## Aim of the task
Would you please output only the lines from the one containing "Santa María de la Cabeza." through the end of the entries below, exactly as written?

◇ ◇ ◇ ◇

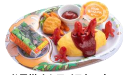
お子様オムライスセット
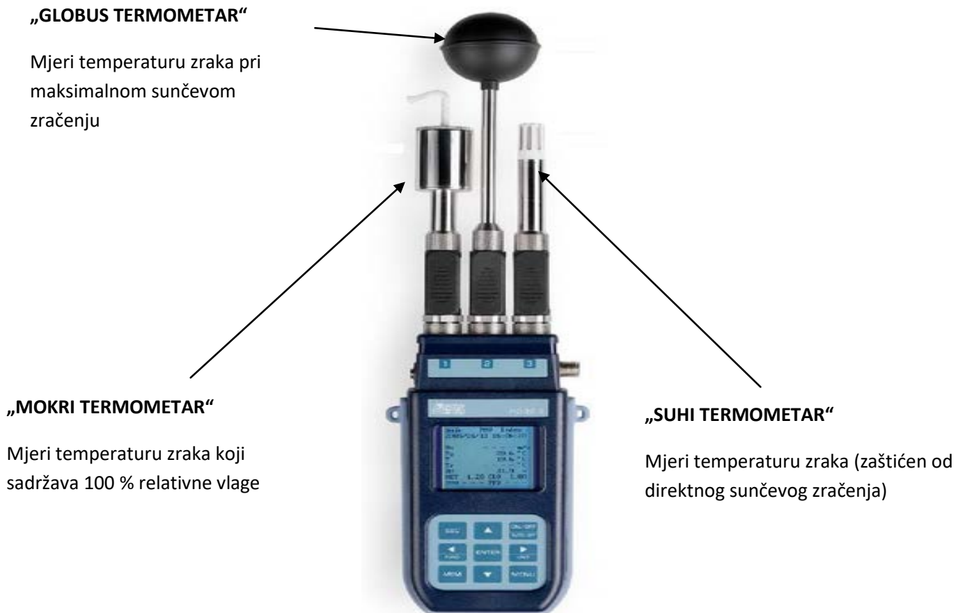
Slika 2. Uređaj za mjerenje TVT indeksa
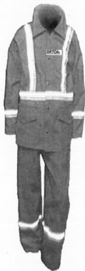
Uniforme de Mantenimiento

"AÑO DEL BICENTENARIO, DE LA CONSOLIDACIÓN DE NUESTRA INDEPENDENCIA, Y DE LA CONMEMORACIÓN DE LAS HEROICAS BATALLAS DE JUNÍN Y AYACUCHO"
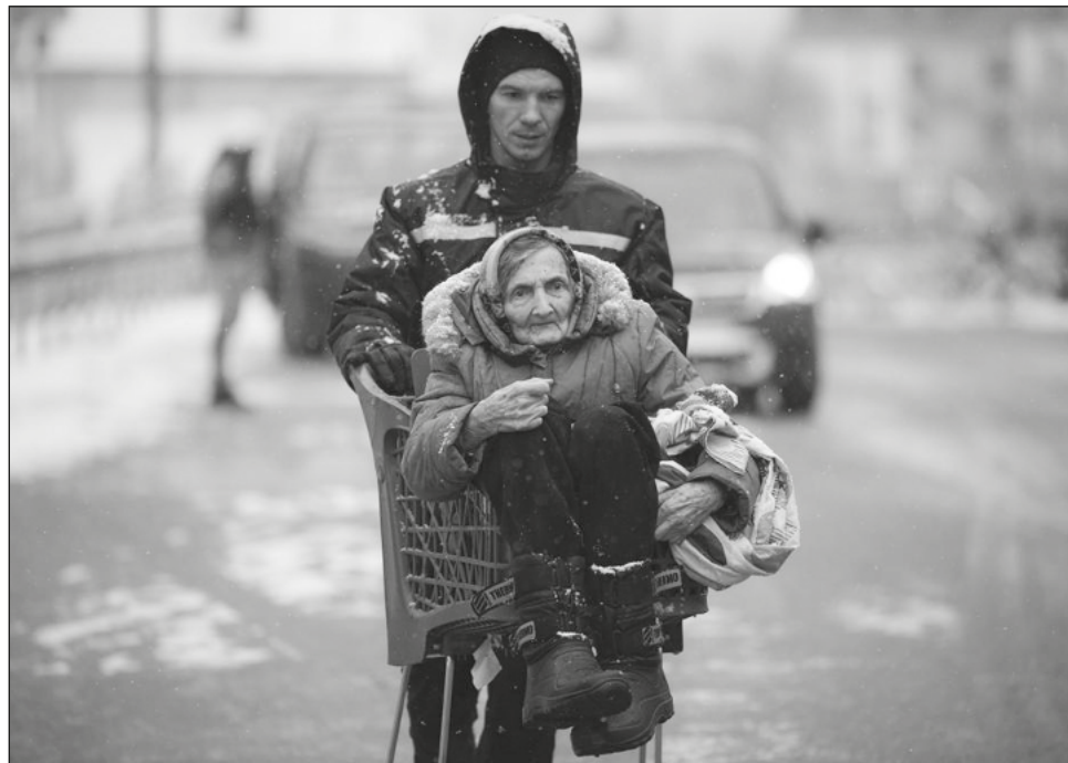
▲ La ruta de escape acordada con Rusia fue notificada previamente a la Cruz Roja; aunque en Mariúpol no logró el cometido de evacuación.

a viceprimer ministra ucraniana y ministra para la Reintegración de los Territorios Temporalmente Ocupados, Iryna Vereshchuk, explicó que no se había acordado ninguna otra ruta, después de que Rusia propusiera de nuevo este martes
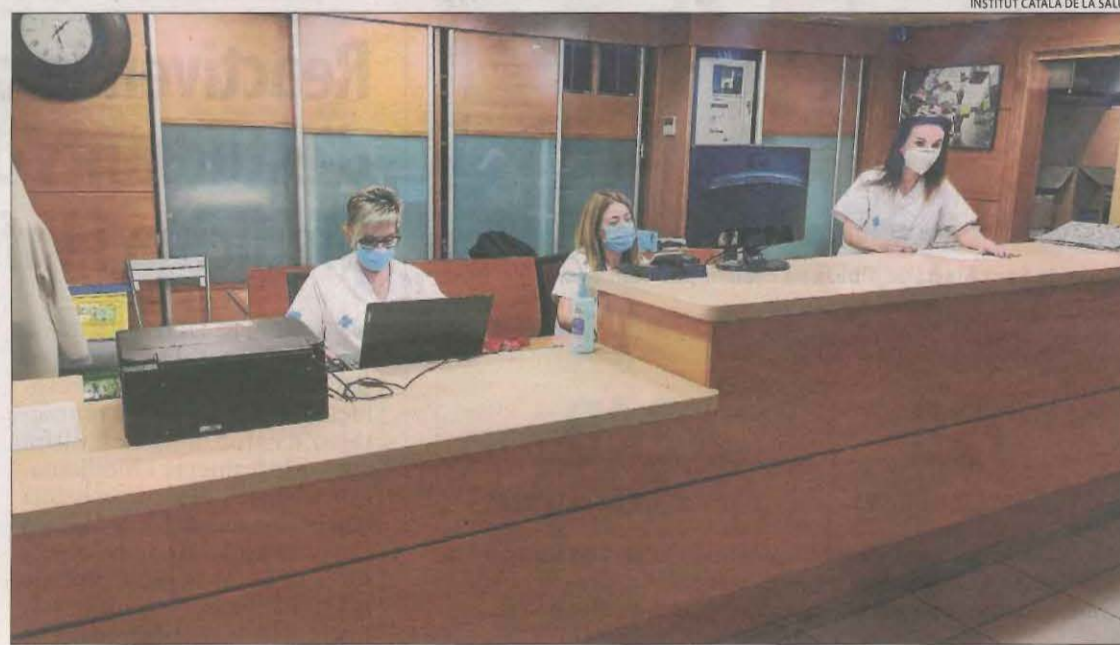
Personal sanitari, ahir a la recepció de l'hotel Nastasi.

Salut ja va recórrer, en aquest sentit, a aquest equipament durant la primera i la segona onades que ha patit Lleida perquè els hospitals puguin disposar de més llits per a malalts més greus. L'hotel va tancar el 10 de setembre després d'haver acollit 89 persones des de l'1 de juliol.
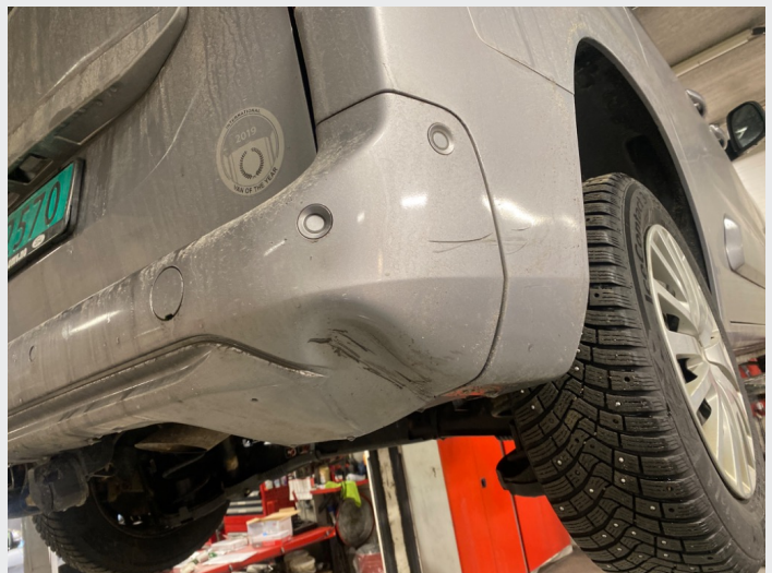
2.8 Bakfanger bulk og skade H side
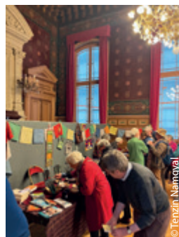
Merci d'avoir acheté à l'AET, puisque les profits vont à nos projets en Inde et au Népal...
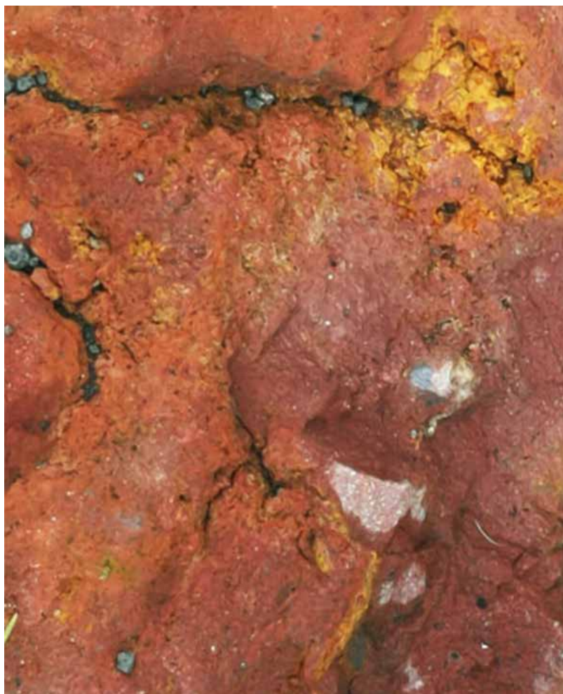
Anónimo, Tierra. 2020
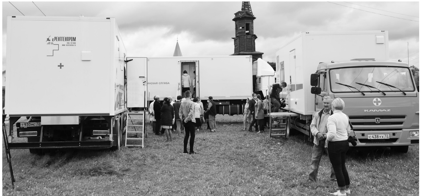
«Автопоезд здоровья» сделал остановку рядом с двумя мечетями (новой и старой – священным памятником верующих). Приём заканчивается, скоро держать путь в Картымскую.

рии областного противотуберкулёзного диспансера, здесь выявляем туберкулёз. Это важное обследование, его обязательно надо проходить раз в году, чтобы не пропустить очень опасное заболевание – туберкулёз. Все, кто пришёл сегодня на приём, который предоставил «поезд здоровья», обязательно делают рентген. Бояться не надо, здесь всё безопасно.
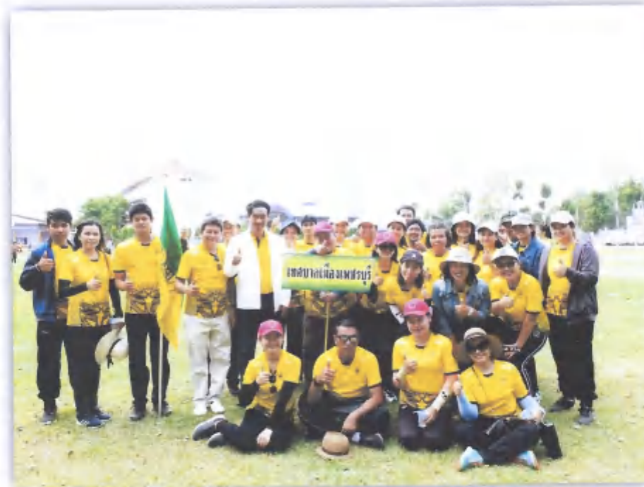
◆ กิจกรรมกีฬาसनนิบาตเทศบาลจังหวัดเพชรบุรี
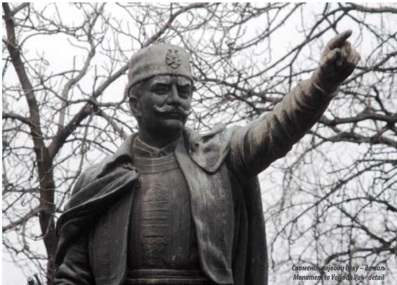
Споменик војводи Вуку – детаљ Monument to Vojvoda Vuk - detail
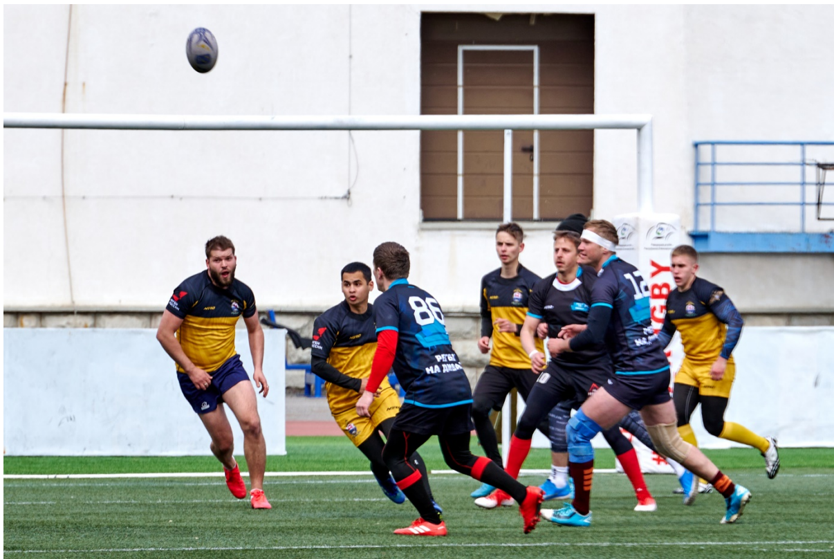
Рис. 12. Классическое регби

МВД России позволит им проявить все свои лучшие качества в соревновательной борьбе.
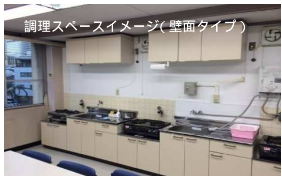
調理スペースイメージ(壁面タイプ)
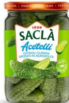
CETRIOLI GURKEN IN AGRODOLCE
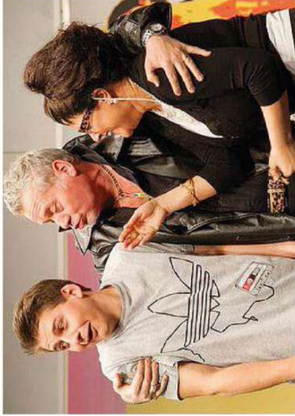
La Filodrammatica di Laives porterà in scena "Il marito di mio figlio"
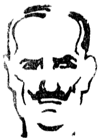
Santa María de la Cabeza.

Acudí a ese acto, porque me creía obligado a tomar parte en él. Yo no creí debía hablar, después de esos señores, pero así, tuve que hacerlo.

◇ ◇ ◇ ◇

## Output for this task
Santa María de la Cabeza.

Acudí a ese acto, porque me creía obligado a tomar parte en él. Yo no creí debía hablar, después de esos señores, pero así, tuve que hacerlo.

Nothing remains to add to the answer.